Aburrido de pasármelo por tercera vez con la Krestel, decidí intentarlo con The Osprey. Sí, la nave que tiene forma fálica. Tras multitud de intentos y tras desbloquear todos sus skins, me di por vencido. Era imposible si quiera acercarse al último sector. Entonces, en uno de mis innumerables viajes encontré una nave que me enamoró: la Nessario. Una delicia compuesta por tres humanos, el módulo de invisibilidad y con dos armas bastante deleznables. Por no mencionar que no tiene escudos, que es lo que verdaderamente me llamó la atención. Así que tras unas primeras partidas de cata donde todo lo que veía eran las llamas de mi nave, vi la luz: yo que siempre fui fan oficial del teletransporte como método para finiquitar partidas, encuentro el poder de hacerse invisible algo aún más determinante. Así que, con mucho sudor y mucha sangre —pero que mucha sangre— me fui haciendo a la nave y al entorno. Aunque todo se genere de forma aleatoria hay cosas que no varían en exceso: como que el primer sector del universo es más sencillo así que hay que grindear lo máximo posible o que si en el tercer sector no contaba con escudos ya estaba más muerto que vivo. Y así un día cualquiera, llegué al final, destruí a Freezer y lloré de emoción. Había terminado Faster Than Light en difícil. Ahora ya era un hombre.

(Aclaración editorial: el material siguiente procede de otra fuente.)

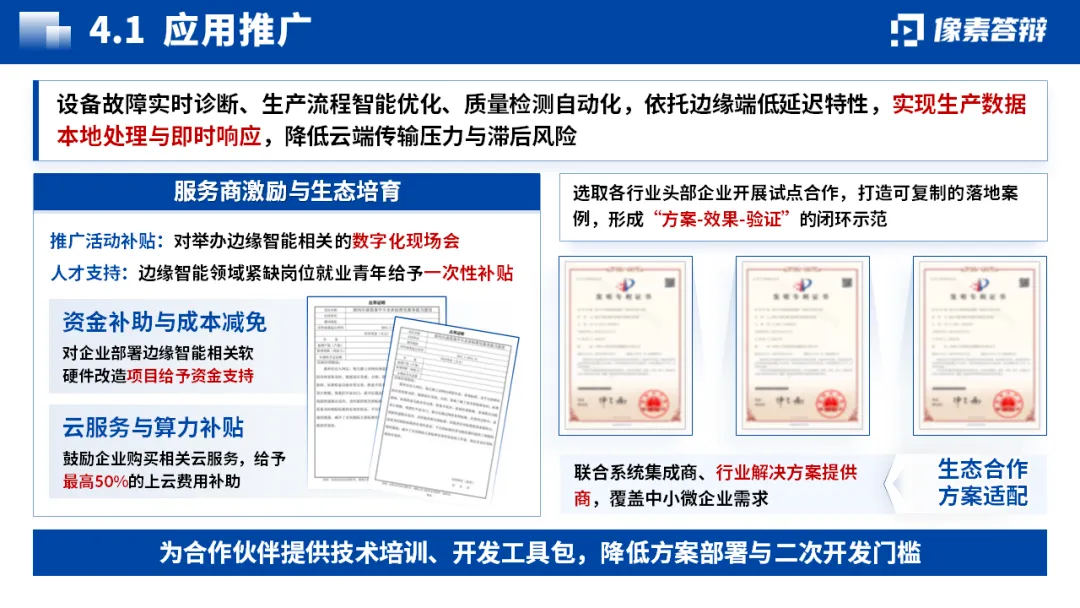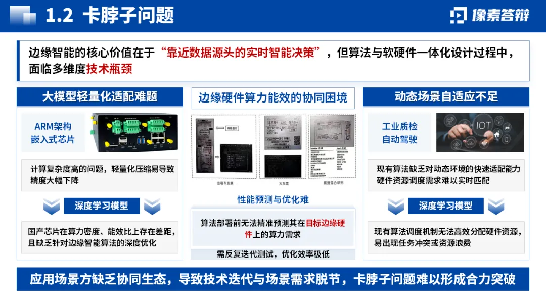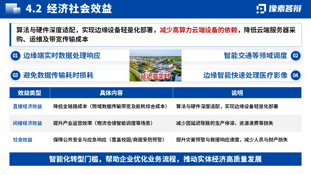 围绕 “边缘智能”“软硬件一体化” 等核心关键词展开,痛点先行凸显项目必要性。通过标题加粗、层级划分等方式,区分核心观点与支撑论据,避免信息过载,让创新点和项目价值一目了然。

Hay que ser un tanto masoquista para poder disfrutar de estos videojuegos independientes que tienen sabor añejo por su dificultad. Pero hay que ser fuertes. Cada error que suele suponer una muerte, nos hace más tenaces ya que todo forma parte de un enorme tutorial que puede durar lo que la paciencia del jugador aguante. Tutorial que acaba cuando logras el objetivo de terminar el videojuego. Entrenamos con ello, con ese dolor. Ese sufrimiento que nos hace mejorar si es que tenemos el temple suficiente. ¿Injusto? Quizás un poco según que videojuego pero lo que tenemos claro es que muchos de nosotros no podemos apartar las manos de ellos hasta superarlos, y superarnos, una y otra vez. Sufrimiento. Placer. Gloria.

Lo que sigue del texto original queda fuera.